Previously, the bacA gene (MW0645) affecting bacitracin susceptibility was reported in S. aureus (Chalker et al., 2000). The gene bacA was first identified on a multicopy plasmid in E. coli, causing an increase in isoprenol kinase activity and decrease in bacitracin susceptibility. Therefore, BacA in S. aureus is considered to have an undecaprenol kinase activity related to undecaprenol pyrophosphate recycling.
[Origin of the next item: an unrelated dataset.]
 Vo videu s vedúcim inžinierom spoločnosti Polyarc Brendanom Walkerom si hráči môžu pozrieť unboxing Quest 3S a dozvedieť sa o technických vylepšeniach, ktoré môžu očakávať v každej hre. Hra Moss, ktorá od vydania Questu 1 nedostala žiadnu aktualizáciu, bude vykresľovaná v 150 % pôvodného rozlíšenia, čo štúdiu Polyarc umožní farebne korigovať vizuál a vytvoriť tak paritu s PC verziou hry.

Inactivation of bacA resulted in an increase in the susceptibility to bacitracin, showing an MIC of 4 μg mL−1 in the bacA mutant compared with 64 μg mL−1 in the wild type (RN4220) (Chalker et al., 2000). We investigated whether bceRS regulates the expression of bacA induced by bacitracin but found no such correlation (data not shown). Therefore, S. aureus has two independent factors responsible for susceptibility to bacitracin.

In conclusion, we found that a TCS, designated BceRS, senses bacitracin and also positively regulates the expression of two ABC transporters that function in bacitracin efflux.


This work was supported by a grant-in-aid for scientific research from Health and Labor Sciences Research Grants from the Ministry of Health and Welfare of Japan.